Но Оля не кричала. Она просто смотрела на Кристину. И в её взгляде не было ни гнева, ни обиды. Только холодное, отстранённое наблюдение, как энтомолог смотрит на суетящееся под стеклом насекомое. Она позволила Кристине договорить, дойти до самой высокой ноты в её арии самолюбования. И когда та замолчала, ожидая эффекта, Оля молча достала из кармана джинсов телефон.

Её движения были спокойными и точными. Никакой суеты. Она разблокировала экран, её палец скольнул по иконкам, открыл мессенджер, выбрал нужный чат. Секунду она смотрела на экран, словно сверяя данные, а затем, не говоря ни слова, развернула его к Кристине.

На экране была открыта переписка. Чат с неким «Андреем Коллегой». И последние сообщения, отправленные Кристиной в субботу ночью, когда она якобы была с подругами в караоке, а Дима обрывал ей телефон. Сообщения были подробными. Слишком подробными. С красочными, пошловатыми описаниями того, как она проводит время, и едкими насмешками в адрес «своего нудного Димона», который «скоро всё узнает и сам свалит, даже напрягаться не придётся». Заканчивалось всё серией фотографий, где Кристина, пьяно улыбаясь, позировала в обнимку с этим самым Андреем. На последнем снимке они целовались, и сделан он был явно на телефон Андрея, отражаясь в зеркале лифта дорогого отеля.

Лицо Кристины изменилось. Не покраснело от стыда и не побледнело от ужаса. Оно стало каким-то чужим, пергаментным. Краска сошла с него, как дешевая побелка со старой стены, обнажив серую, испуганную основу. Уверенная, наглая ухмылка сползла, растворилась, оставив лишь дрожащие, плотно сжатые губы. Она смотрела на экран телефона, и её взгляд бегал по строчкам, словно не веря, отрицая то, что видит.

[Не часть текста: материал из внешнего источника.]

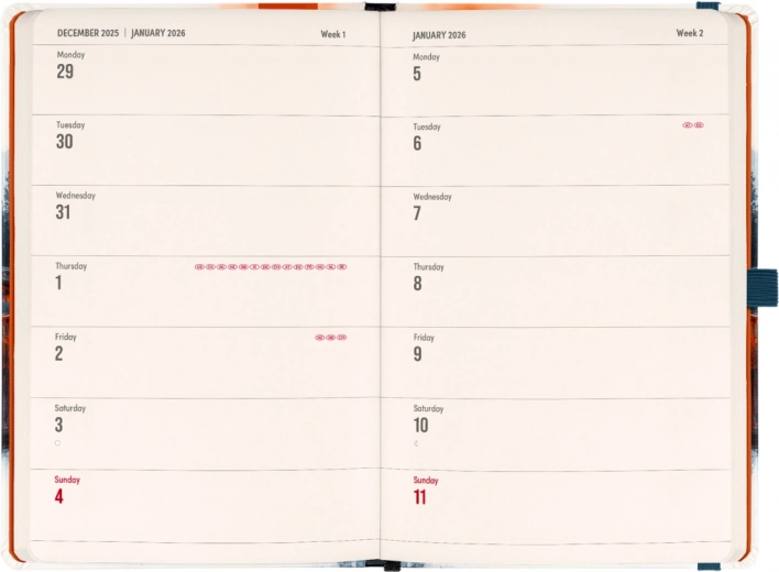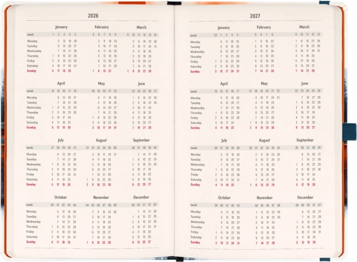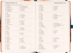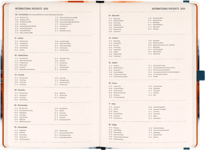 - Dio planera: Dvotjedni horizontalni kalendarij s međunarodnim blagdanima.
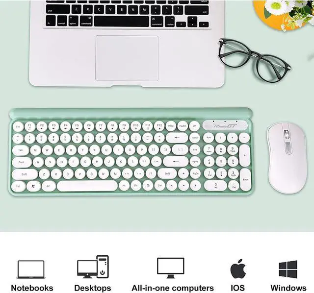 Wireless Keyboard and Mouse Combo, RaceGT Typewriter Keyboard Mouse Combo, 2.4G Silent USB Mouse, Quiet Cordless Cute Retro Keyboard Mouse Set, for Windows, Computer, Desktop, PC, Laptop, Green
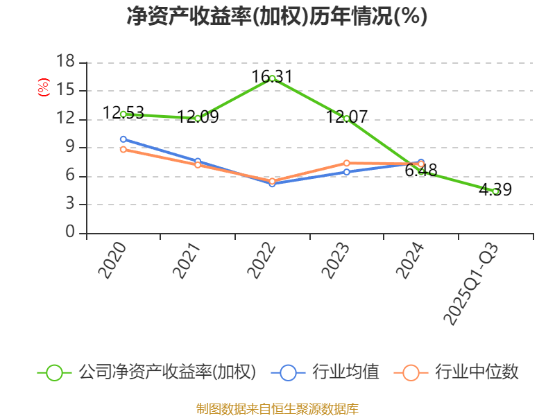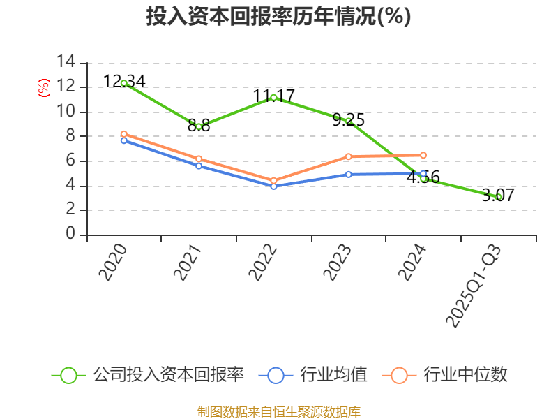 盈利能力方面, 2025年前三季度公司加权平均净资产收益率为4.39%,同比下降0.68个百分点。公司2025年前三季度投入资本回报率为3.07%,较上年同期下降0.45个百分点。
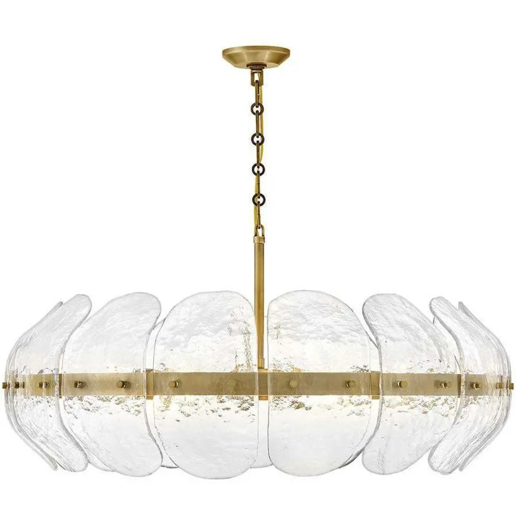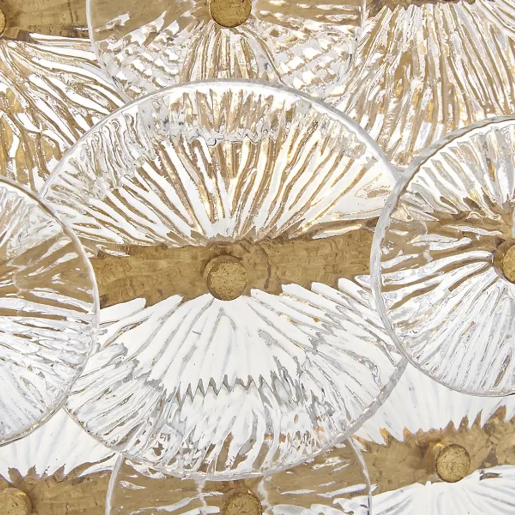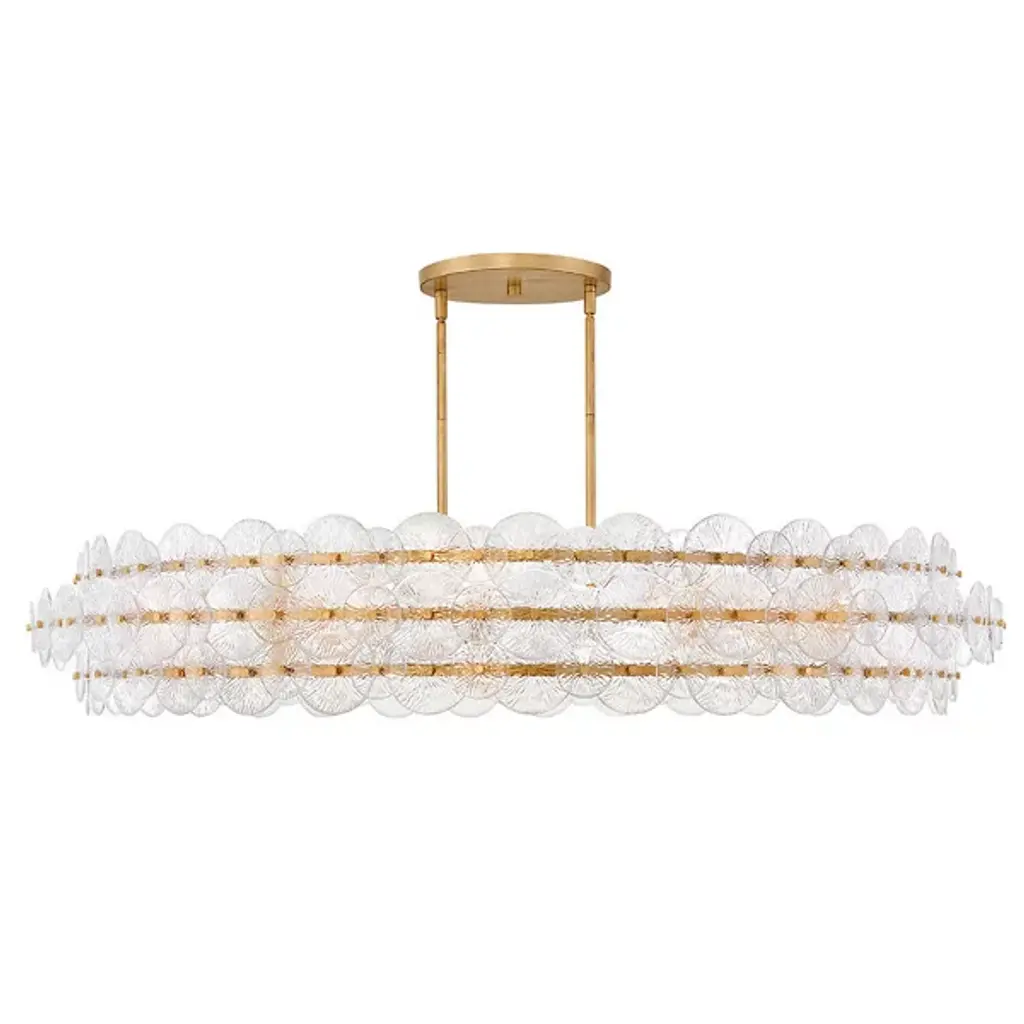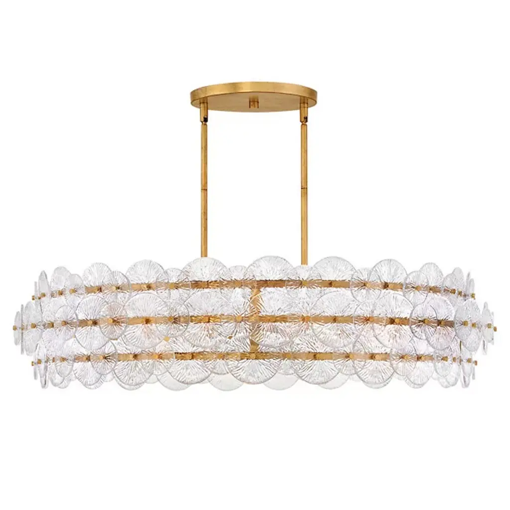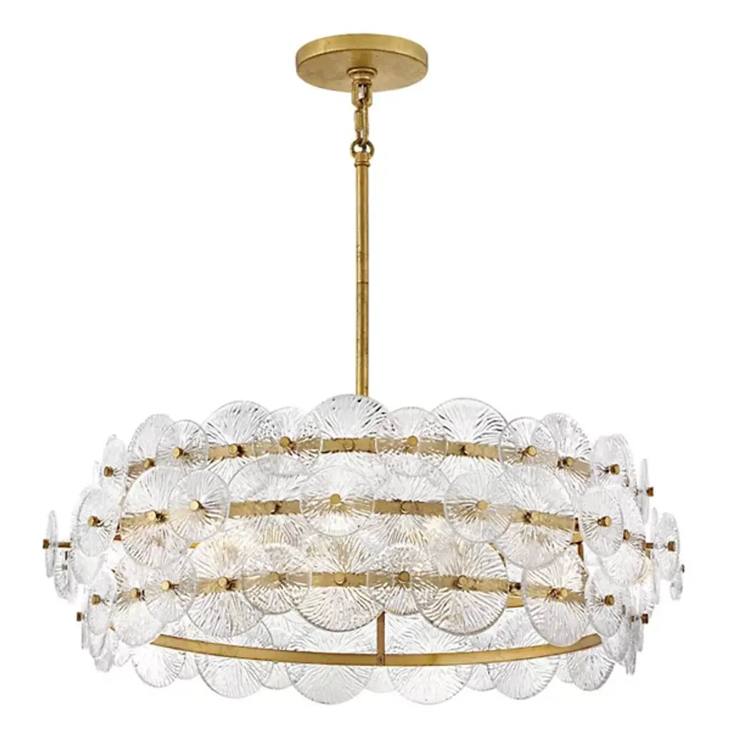 Give your home an Art Deco sensibility with the Rene Drum Chandelier by Fredrick Ramond. Secured by a canopy at your ceiling, this fixture radiates light through multiple layers of beautiful, pressed glass disks. Rene's signature touch highlights a fine metal framework, evoking both transitional and glam influences. The Rene Chandelier is defined by its drum shape.
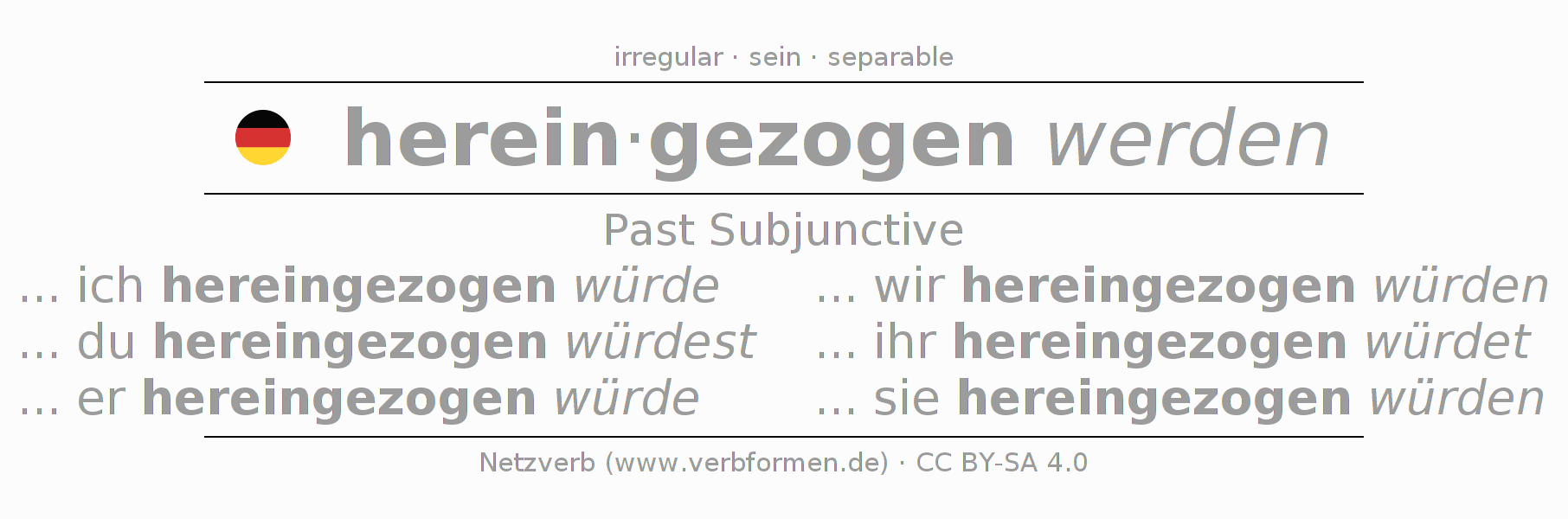The conjugation of hereinziehen in Subjunctive Imperfect Form of possibility Passive is ... ich hereingezogen würde, ... du hereingezogen würdest, ... er hereingezogen würde, ... wir hereingezogen würden, ... ihr hereingezogen würdet, ... sie hereingezogen würden.The conjugation corresponds to certain grammatical rules. Likewise the requirements for the conjugation of the simple verb forms of hereinziehen in Imperfect Subjunctive. Comments ☆
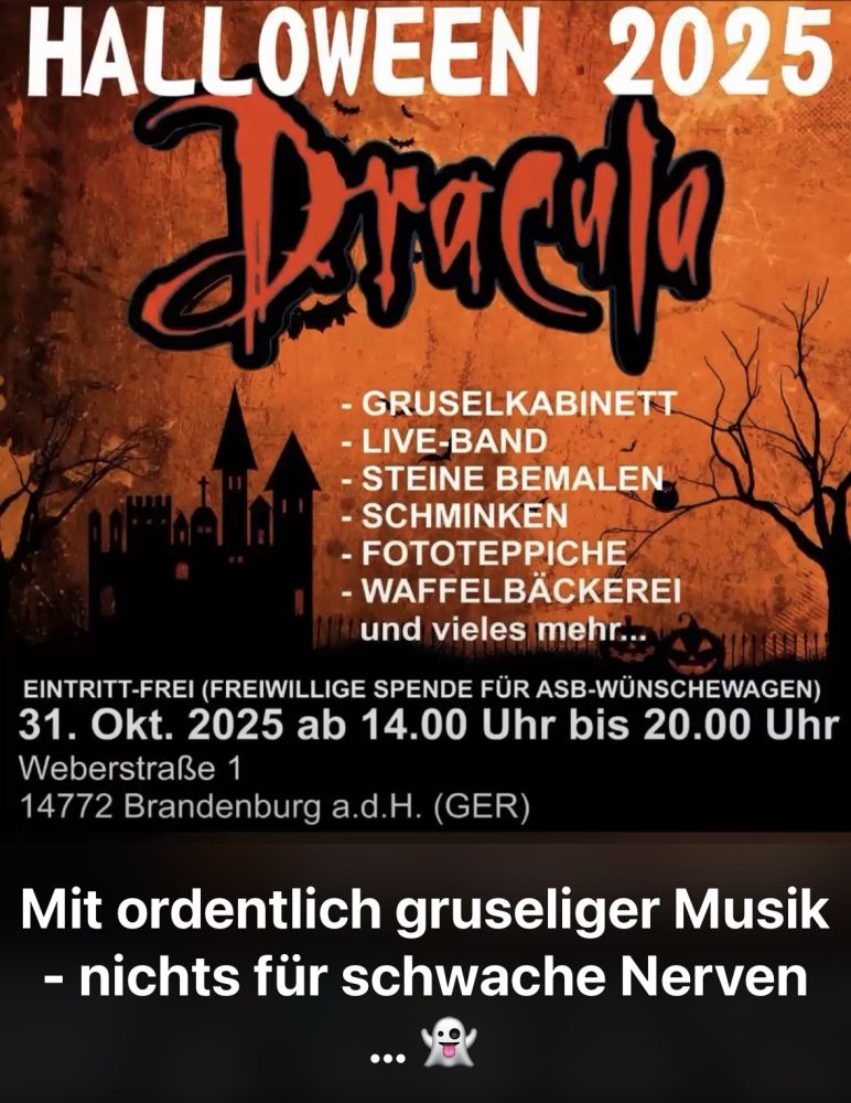 In diesem Jahr wurden Spenden für den ASB Wünschewagen gesammelt. Dieses bundesweite, spendenfinanzierte Angebot erfüllt Menschen an ihrem Lebensende letzte Wünsche.Unsere AllStars wollten natürlich auch in diesem Jahr das Projekt der Familie Weichsel unterstützen. Aus lizenzrechtlichen Gründen durften wir unsere Lieder dort leider nicht singen, so blieb uns nur eine leise musikalische Umrahmung mit zahlreichen Gruselsongs bis zum Ende der Veranstaltung um 20.00 Uhr, die Herr H. Nachtigall in diesen Stunden gern übernahm. Unsere Emma war trotzdem da und hat geschaut, ob auch alles klappt! 👻
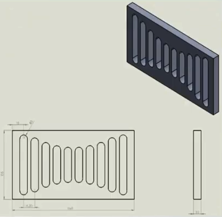 두께 10의 판 형태를 만들고 '직선홈' 장공을 만든다.
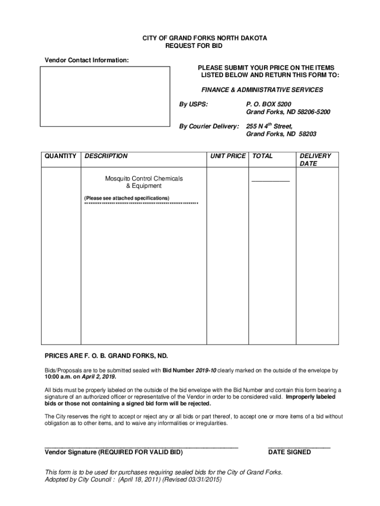 Get the free CITY OF GRAND FORKS NORTH DAKOTA REQUEST FOR BID PLEASE SUBMIT YOUR ...
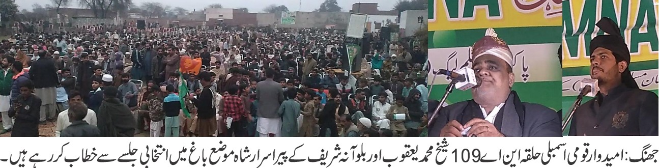 تاکہ موضع باغ کے شہری سستی ٹرانسپورٹ کی سہولت سے مستفید ہو سکیں۔ ان خیالات کا اظہار انہوںنے گزشتہ روز موضع باغ میں انتخابی جلسہ عام سے خطاب کرتے ہوئے کیا۔اس موقع پر دربار بلوآنہ شریف کے پیر اسرار شاہ نے اپنے مریدین سمیت شیخ محمدیعقوب کی بھر پور حمایت کا اعلان کیا ۔ شیخ محمد یعقوب نے کہا کہ قدیم ضلع جھنگ اور خصوصاََ شہری حلقہ این اے 109بہت سی بنیادی سہولیات سے محروم ہے۔
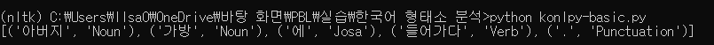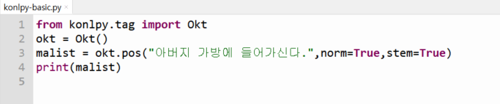 간단한 형태소 분석을 해주기 위해 다음과 같은 코드를 작성해주었다.
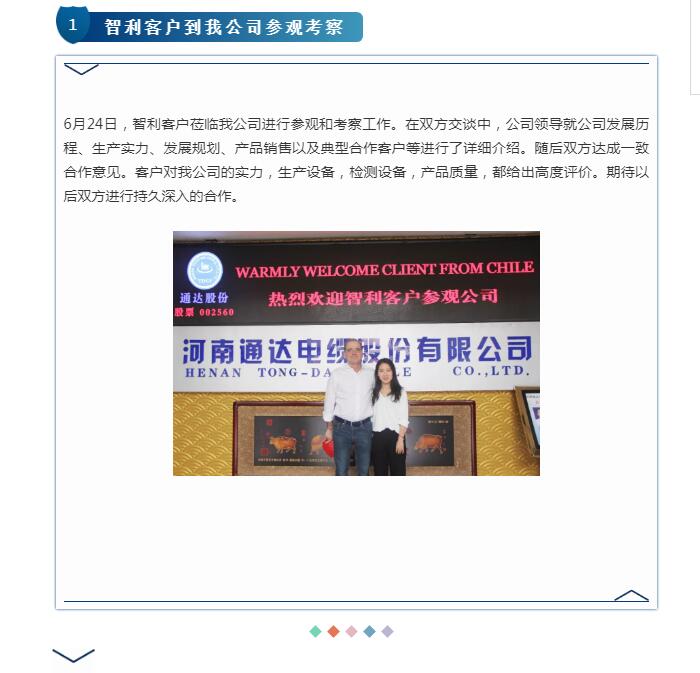 【概要描述】6月24日,智利客户莅临我公司进行参观和考察工作。在双方交谈中,公司领导就公司发展历程、生产实力、发展规划、产品销售以及典型合作客户等进行了详细介绍。随后双方达成一致合作意见。客户对我公司的实力,生产设备,检测设备,产品质量,都给出高度评价。期待以后双方进行持久深入的合作。
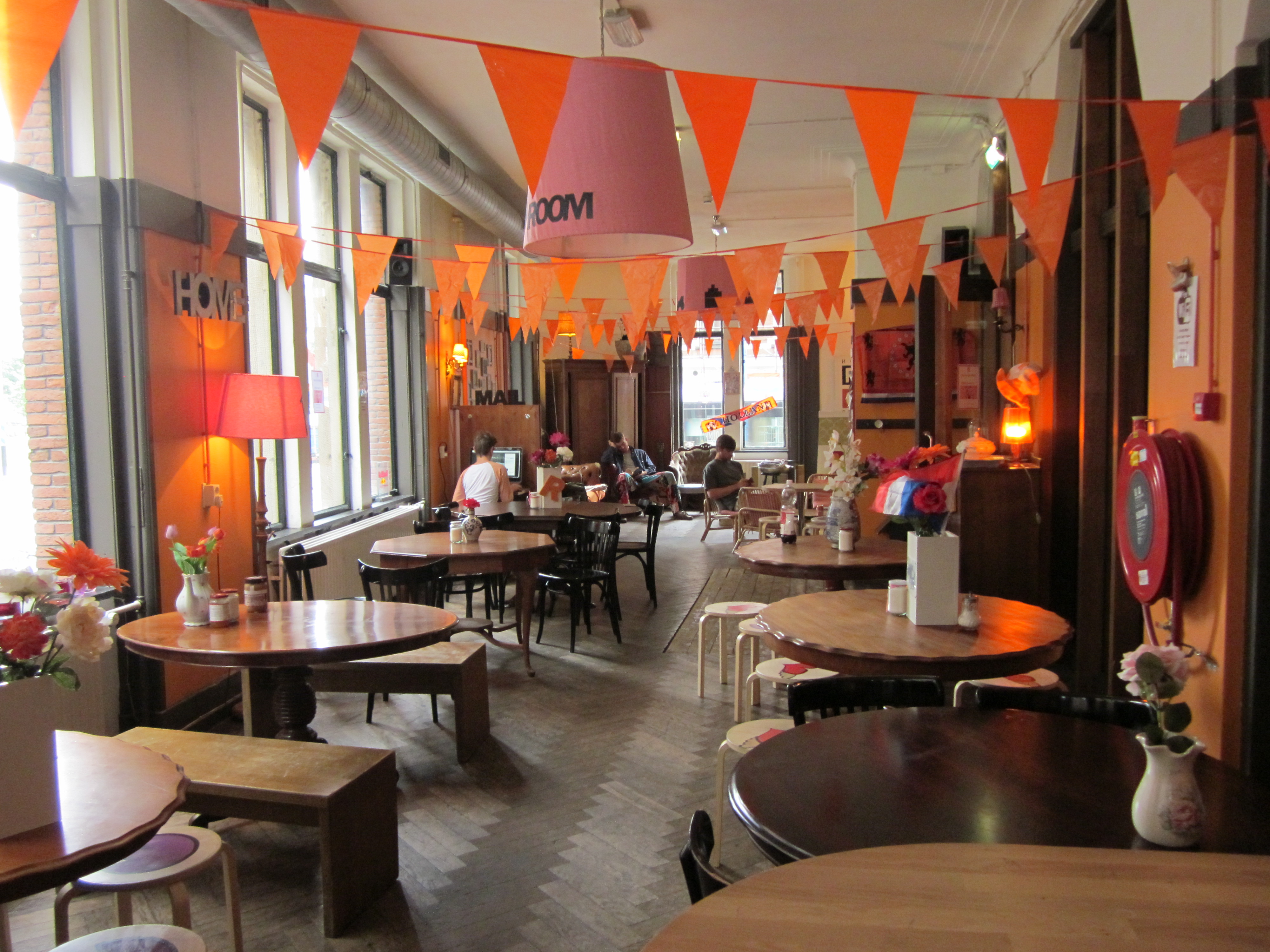 Als ik ROOM op het afgesproken tijdstip binnenkom, voel ik mij niet alleen thuis maar ook een toerist op vakantie. Reizigers checken in en uit, kaartende Amerikanen aan tafel, een Thaise toeriste eet een broodje en een Japanner zit achter een PC. Ik krijg dan ook de neiging om een plattegrond van Rotterdam uit één van de wandrekken te pakken. Monique en Mirjam wisselen elkaar als een hecht team af achter de receptie. Net als bij mij aan tafel. Terwijl Monique druk bezig is met het helpen van gasten, schuift Mirjam als eerste aan.
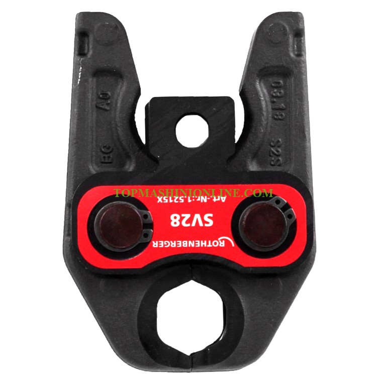 Пресовъчни клещи за фитинги контур V с обхват 28 мм Rothenberger Standard SV 28 015215 X са изработени от кована специална стомана с висок коефициент за натоварване. Имат дългосрочна защита от корозия, а това е перфектното решение при работа на строителната площадка в тежки условия. Стандартна пресова челюст Rothenberger Standard SV 28 015215 X 28 мм има отлично качество и е приложима за системите на различни производители за системно пресоване на фитинги, изработени от метални или пластмасови системи. С използването на специален процес на втвърдяване, технологията DURA LAZR TEC и частичното лазерно втвърдяване, прецизното и безопасно пресоване са възможни с едновременно увеличаване на издръжливостта. Резултатът е минимално износване и 100% повече цикли на пресоване в сравнение с предишния модел. Освен това, дългосрочната защита от корозия поддържа дълголетието на челюстите на пресата. С използването на специална стомана за тежък режим, пресните челюсти са подходящи за всички машини за пресоване с аксиална тяга 32 - 34kN.

— Откуда… — голос был уже не её, звонкий и самоуверенный, а тихий, сиплый. — Откуда это у тебя? Ты что, взломала меня?

— Ты вчера оставила свой ноутбук открытым в гостиной, когда пришла, — безэмоционально пояснила Оля. — Забыла закрыть мессенджер. Сообщения синхронизируются, Кристина. Технический прогресс, ничего личного. Я просто хотела выключить его, чтобы не шумел. И увидела это.

Кристина медленно подняла на неё глаза. В них больше не было насмешки. Только животный страх, смешанный с пробивающейся ненавистью. Она попыталась выхватить телефон, но Оля спокойно отдёрнула руку и убрала его в карман.

— Ты же подруга… ты не посмеешь, — прошипела она. Это была не угроза, а слабая, отчаянная мольба, замаскированная под вызов. Она судорожно искала в арсенале своих манипуляций хоть что-то работающее, но всё оружие вдруг оказалось бутафорским.

Оля обошла её и подошла к окну, глядя на суетливый утренний город, который жил своей жизнью, не ведая о маленькой войне на этой кухне.

— Подруга? — тихо, почти риторически переспросила она, не оборачиваясь. — Когда ты перестала быть ею, Кристин? Когда решила, что моя квартира — это бесплатный отель с прислугой? Или когда брала мои вещи без спроса? А может, когда смеялась за моей спиной, называя меня «серой мышью» перед своими новыми друзьями, пока я покупала тебе продукты, потому что ты опять «на мели»?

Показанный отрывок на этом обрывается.